Richard Osman’s Thursday Murder Club novels have become one of the biggest hits in modern crime fiction, blending cozy mystery conventions with humor and poignancy. With the newest installment, The Impossible Fortune, due out in just two days (September 25), it’s a good moment to reflect on how the series actually works.
Because there’s an interesting question lurking in the background: how much actual detection do Elizabeth, Joyce, Ibrahim, and Ron really perform? Do they solve murders in the classic style of Sherlock Holmes or Miss Marple, piecing together tiny physical clues and making leaps of deduction?
Think of Holmes in Silver Blaze, noticing a spent match and a stub of candle in the mud, and realising the trainer was trying to examine the horse’s leg in secret before being fatally kicked. Or Poirot in Evil Under the Sun, catching the faint scent of perfume at the crime scene.
These are the small, sensory or logical hinges – footprints and fingerprints, yes, but also a scent, a misspelling, or a disguised voice – on which classic detection often turns.
Looking across the four novels, a pattern emerges. The club are terrific at talking to people, building relationships, and gently (or not so gently) nudging others into revealing their secrets. What they don’t often do is use observation, inference, or their five senses to uncover subtle truths. Instead, Osman advances his plots through confession, coincidence, or official help from the police.
Book One: The Thursday Murder Club
In the series debut, the group investigate the murder of a property developer and the long-buried case of a skeleton under the cemetery. The big revelations don’t come from Elizabeth spotting a stray clue or Joyce noticing a subtle inconsistency.
Instead, suspects confess or reveal things when pressed. Much of the legwork is provided by the police – Chris and Donna are unusually willing to hand over case files and even invite the retirees to pore over witness statements. The final solution relies less on deduction than on characters telling their stories when confronted.
Book Two: The Man Who Died Twice
The sequel brings in Elizabeth’s past life in intelligence. Again, rather than a trail of clues leading to the solution, information arrives in parcels. Elizabeth’s old contact supplies background, the villains blunder into view, and confessions fall out under pressure.
The club do some clever coordinating – organizing meetings, tracking people down, making the right phone calls – but the mystery is rarely solved by classical inference. Even the subplot about stolen diamonds depends on people volunteering information or being maneuvered into revealing it, rather than the club deducing their location from tiny sensory or logical details.
Book Three: The Bullet That Missed
Here the club tackle the supposed murder of a television presenter. Once again, the key movements of the plot don’t hinge on sleuthing in the Holmesian sense. The “victim” turns out to have faked her death — a revelation that emerges from testimony rather than deduction.
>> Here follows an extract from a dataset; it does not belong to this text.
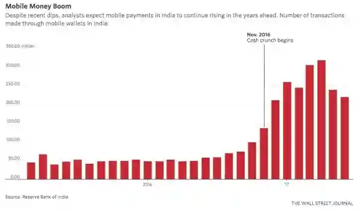 当印度政府去年突然取消了86%的流通货币,以打压腐败和逃税行为后,Paytm迅速走红。Paytm服务登陆各家商户,到处都是带有Paytm Logo和二维码的贴纸。印度绝大多数商户不接受信用卡,因为他们缺少刷卡机。在此推动下,Paytm用户量飙升。

The club are at their best when interrogating, charming, or bluffing their way into answers. Ibrahim’s cautious questioning style, Joyce’s diary-like narration, and Elizabeth’s ability to intimidate all serve as levers to open people up. But the case doesn’t depend on noticing a perfume, a changed accent, or a smudge of ink — instead, the truth gradually unfolds because people choose to tell them.
Book Four: The Last Devil to Die
The retirees are again at the heart of events, but the mechanics are similar: the police provide access to documents, gangsters explain themselves under pressure, and suspects are eventually unmasked through confession or confrontation.
So What Does This Mean?
Osman’s sleuths are not classic detectives in the Marple or Holmes mold. They don’t scrutinize cigar ash, catch a forged note by its spelling, or identify a culprit by the trace of a distinctive scent; their real strength is social: they get people talking.
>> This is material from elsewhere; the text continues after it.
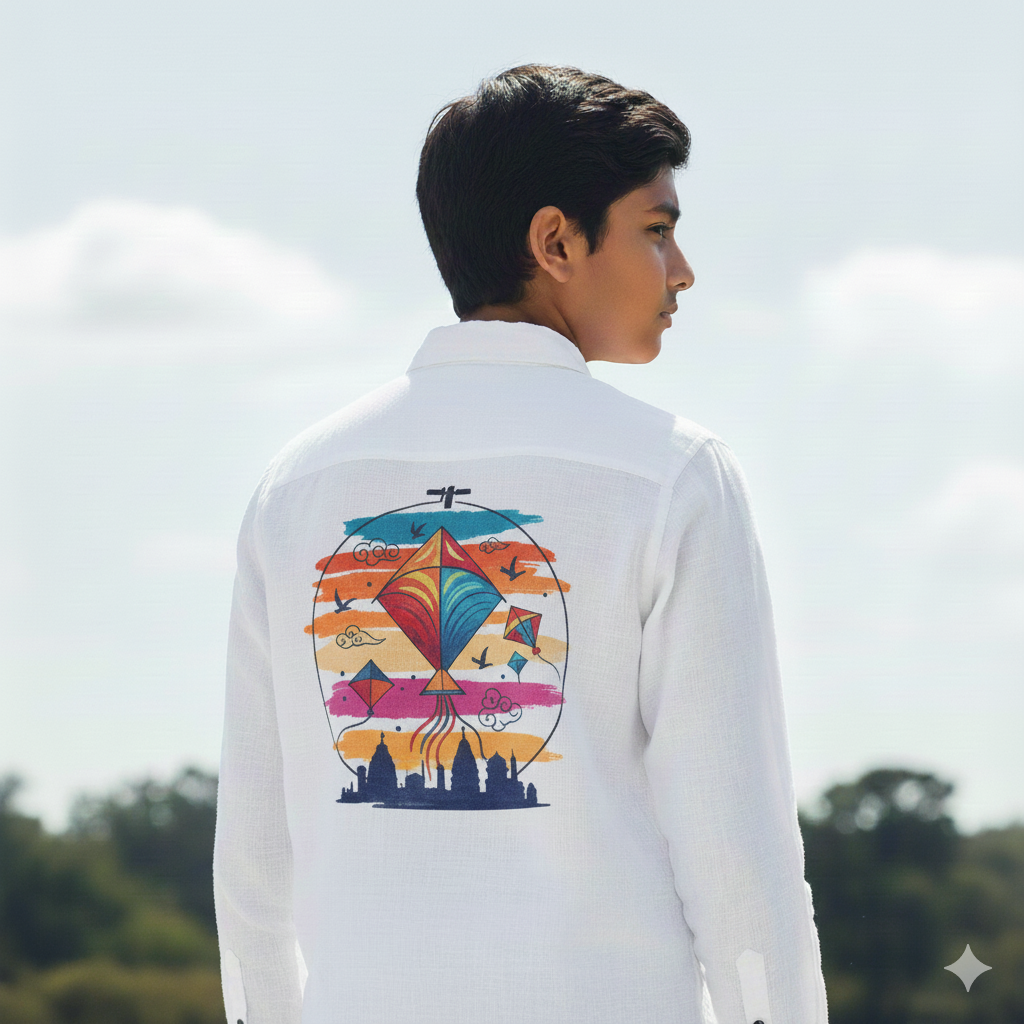 Capture the magic of a festival evening with our "Udaan" shirt. The back features a vivid, sunset-hued handpainted graphic of kites soaring over a classic city silhouette, blending traditional inspiration with modern design. Made from high-quality, breathable white cotton, this shirt offers a lightweight feel that's perfect for warm-weather celebrations or casual weekends.

They are non-threatening, disarming, or in Elizabeth’s case, terrifyingly direct. The novels succeed not because the Club out-deduce everyone else, but because they create situations where secrets come spilling out.
That is not a flaw — it’s part of the charm. Osman isn’t writing puzzles for the armchair logician; he’s writing character-driven mysteries where warmth, wit, and human connection matter more than pipe-smoke deduction. But for readers who love classical detection, it’s worth noticing: in these enormously popular books, the mystery is solved less by clues than by conversations.
And perhaps that’s a gentle reminder to me, too: my own Jessica Harper mysteries can always work a little harder at detection in the truest, classic sense.